Before getting ahead of ourselves, it’s time to take a look at the Grizzlies’ past before finding a solution for the future.
It all (recently) started with Lionel Hollins, who coached the Grizzlies to their first Western Conference Finals in franchise history and “began” his tenure (after being the interim Head Coach twice before) in January 2009, replacing the fired Marc Iavaroni. Through the years that followed, he helped build a culture of “Grit and Grind” with the “Core 4” in Zach Randolph, Tony Allen, Marc Gasol and Mike Conley.
Slowly but surely, the Grizzlies climbed the ladder in the treacherous Western Conference as the Grizzlies became a prominent part of the NBA, and of the city itself. Under Hollins, the Grizzlies had their most successful season in franchise history with 56 wins. At the time, it seemed that everything was going smoothly for Memphis.
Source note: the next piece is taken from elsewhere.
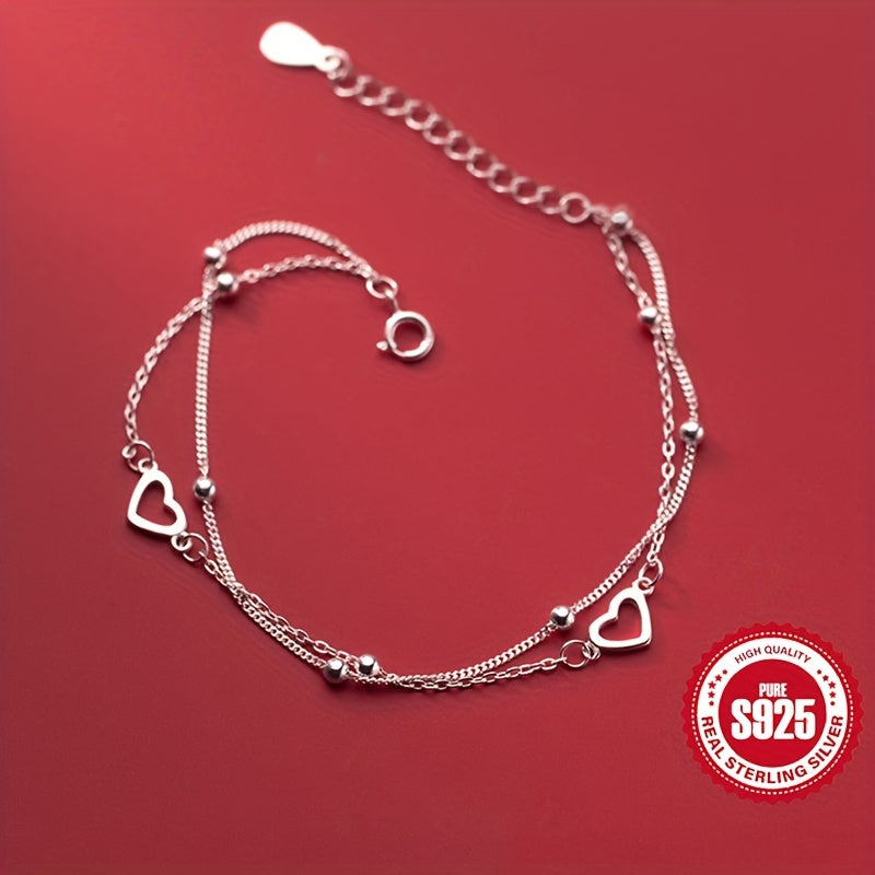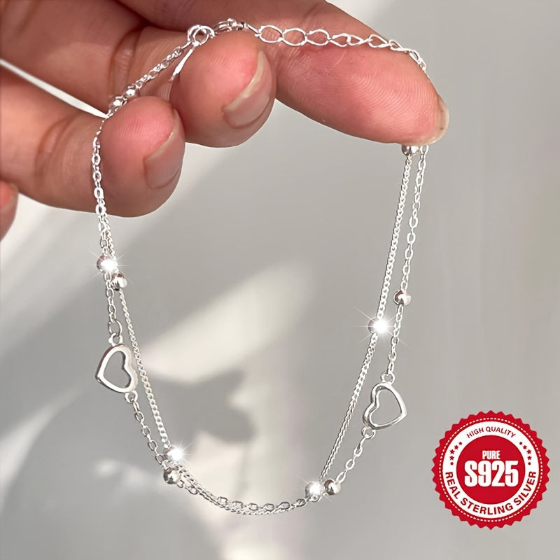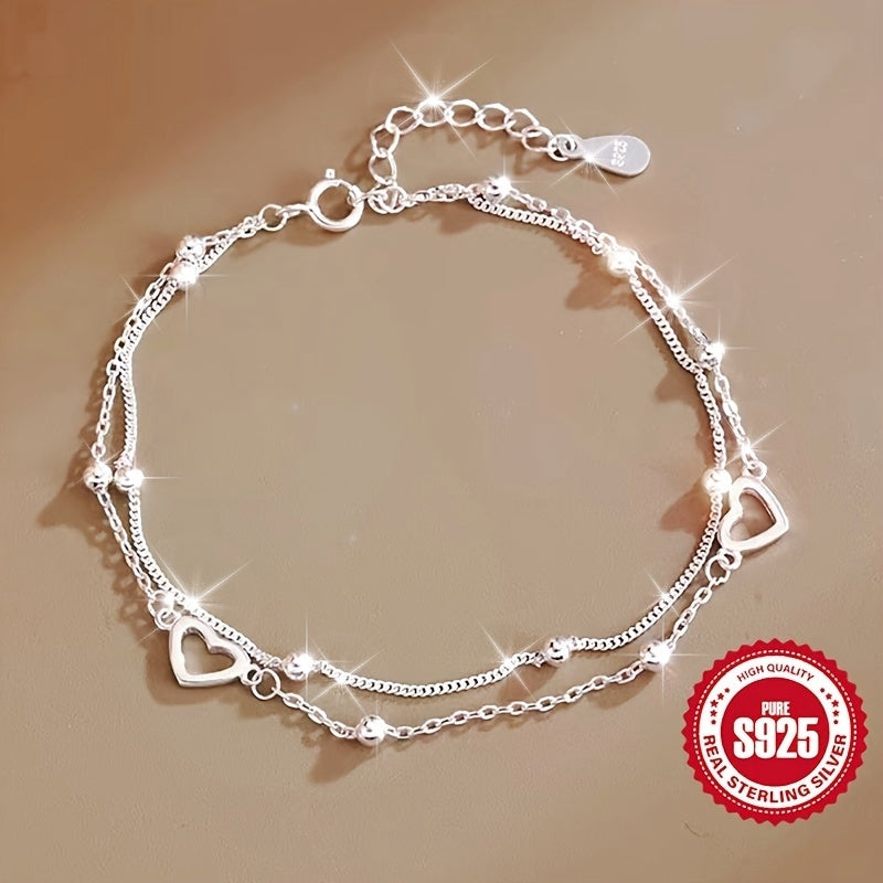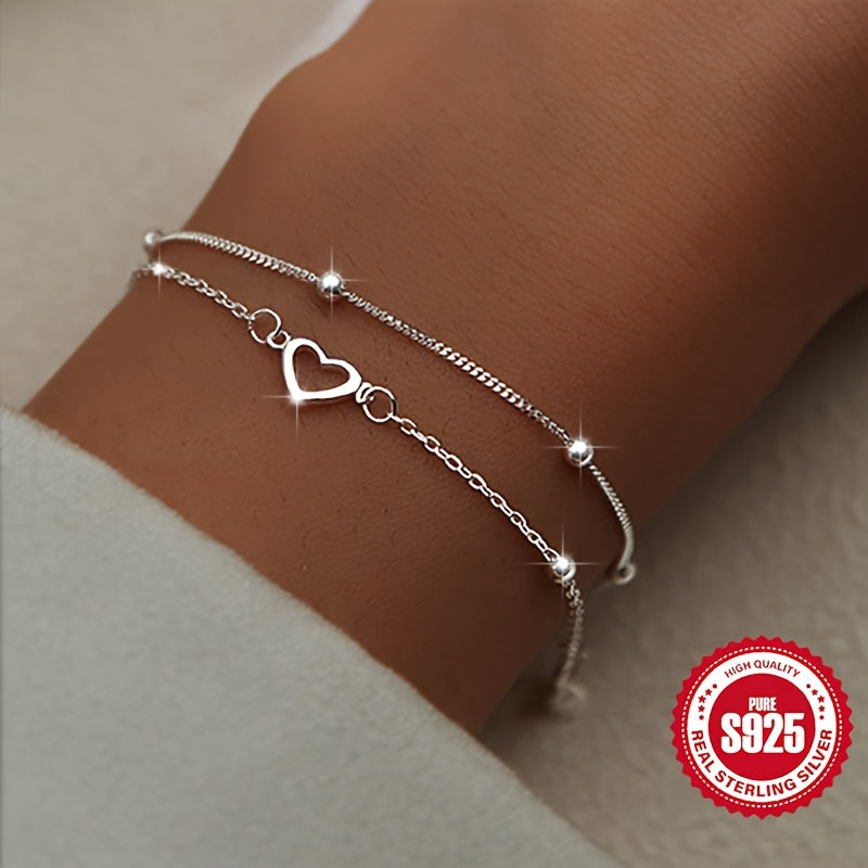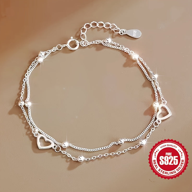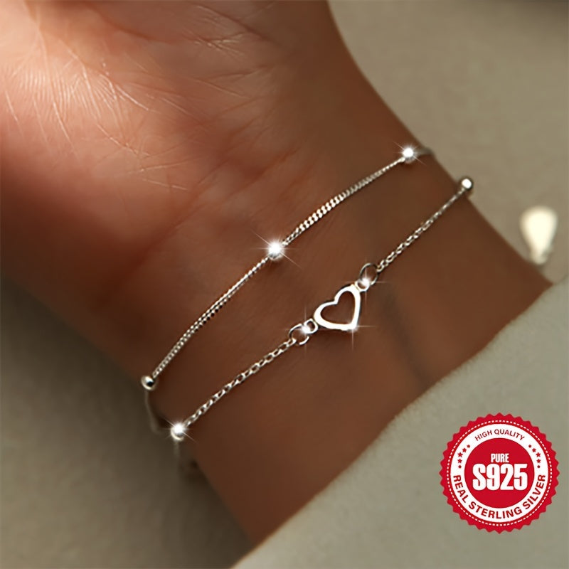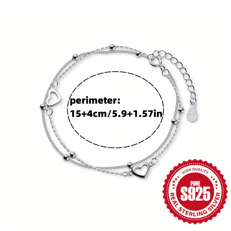 This double-layered pearl love heart bracelet is crafted from high-quality S925 silver, making it perfect for women's daily wear. It is a versatile accessory that can also be given as a gift to girlfriends.

After getting swept by the Spurs in the WC Finals in 2013, however, Lionel Hollins was ousted.
It came out that there was conflict between Hollins and the Grizzlies’ front office of the time. Memphis allowed Hollins to meet with other teams, and then it leaked that Dave Joerger (who was Hollins’ assistant coach) was up for taking the spot of head coach with the Grizz.
The Memphis Grizzlies moved on from Hollins and took a chance on the younger Dave Joerger, who had been with the organization since the 2007-2008 season. Although many Grizzlies fans were disappointed at the departure of Lionel Hollins, Dave Joerger seemed like a solid replacement, and he already had roots in the franchise.
To start out his first season as the Grizzlies’ head coach, things didn’t go so great for Joerger. He tried to implement a faster style of play than the Grizzlies had been playing, and their players weren’t buying his philosophies. After a 2-3 start, it was reported that Robert Pera wanted to fire Joerger.
However, Joerger then led the Grizzlies to a 50-32 record, as well as winning Western Conference Coach of the Month twice. Despite having winning records for three seasons and leading Memphis to the playoffs in all three of those years, Joerger’s performance wasn’t enough. The Grizzlies wanted more than just playoff appearances. They wanted championships.
After Memphis didn’t make it past the first round in the playoffs in 2014, it was leaked that the Grizzlies were allowing Joerger to meet with the Minnesota Timberwolves, which was deemed as his “dream job” due to location.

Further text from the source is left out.